Some chicken breeds thrive better on forage compared to others. Breeds that have been kept in confinement for many generations generally forage less aggressively than breeds that have continued to exercise their foraging instinct. If you want a low-maintenance flock, and you have space for them to roam, consider these chicken breeds that are exceptional foragers.
Buckeye — Developed in Ohio, this dual-purpose farmstead breed is especially docile and winter hardy.
Dominique — This Canadian breed was brought to the United States by early settlers as a winter hardy dual-purpose farmstead breed.
Fayoumi — This ancient breed, developed in Egypt, excels in flying and is particularly disease resistant.
Hamburg — Of Turkish origin, this winter hardy breed was further developed in Europe as an excellent forager and capable flier.
Leghorn — Developed in Italy, this breed efficiently converts feed to eggs and is heat tolerant; the brown variety is best suited to foraging.

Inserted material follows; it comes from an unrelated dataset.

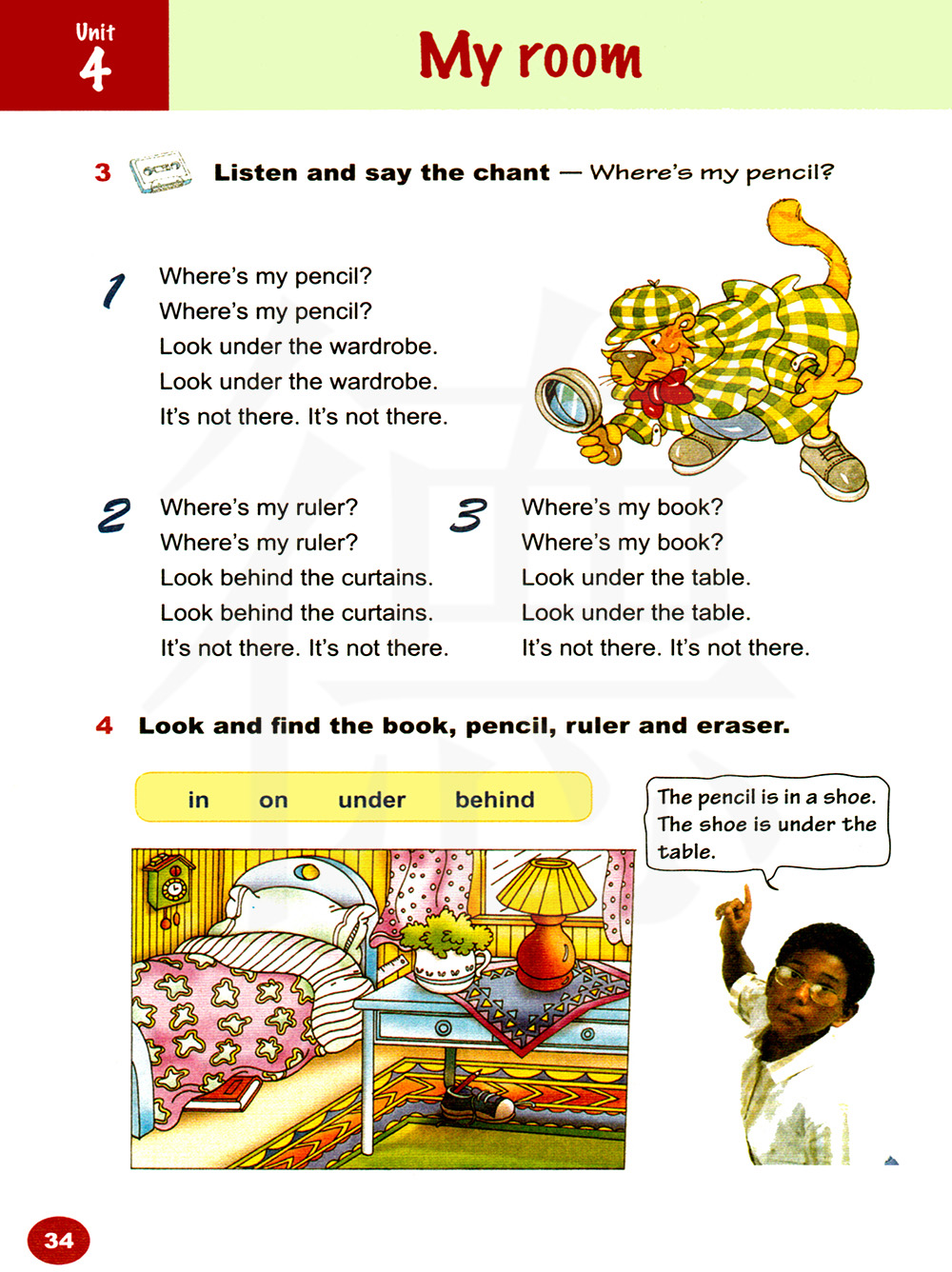 看一看,找一找书本,铅笔,尺子和橡皮擦。

Old English Game — This ancient breed is active and hardy and is often seen foraging along rural roads or roosting in trees.
Red Jungle Fowl — An ancestor of all domestic chickens, jungle fowl originated in forested areas of southern Asian and still retain their feral nature.
Spitzhauben — Originating in the Appenzeller canton of Switzerland, these chickens are active, alert, and outstanding fliers.
Sumatra — An ancient breed native to the island of Sumatra, this hardy, active, alert chicken is extremely capable as a flier and high jumper.
Welsumer — Developed in Holland, this active, winter hardy breed is especially good at foraging for insects.
Where a flock will have the benefit of forage, choose a breed suitable for your prevailing climate. Feather colors other than white blend more easily into the surroundings, offering foraging birds protection from predators. Another predator resistant feature is the ability to fly well. Protective trees or constructed shelters not only offer further protection from predators, but also encourage the chickens to forage away from their home shelter, reducing their impact on vegetation around the doorway.
How much of the chickens’ diet they will obtain by foraging depends on the quality of the forage and the number of chickens competing for it. In addition to tender greens, chickens eat seeds and insects, and sometimes mice, frogs, and snakes. But under normal conditions, whatever nutrition they derive from the forage is unlikely to replace a significant percentage of their regular ration. The chief benefits of selecting chicken breeds that are exceptional foragers are that they will enjoy increased dietary variety, get healthful exercise and fresh air, and be exposed to a reduced concentration of parasitic worms.
And that’s today’s news from the Cackle Coop.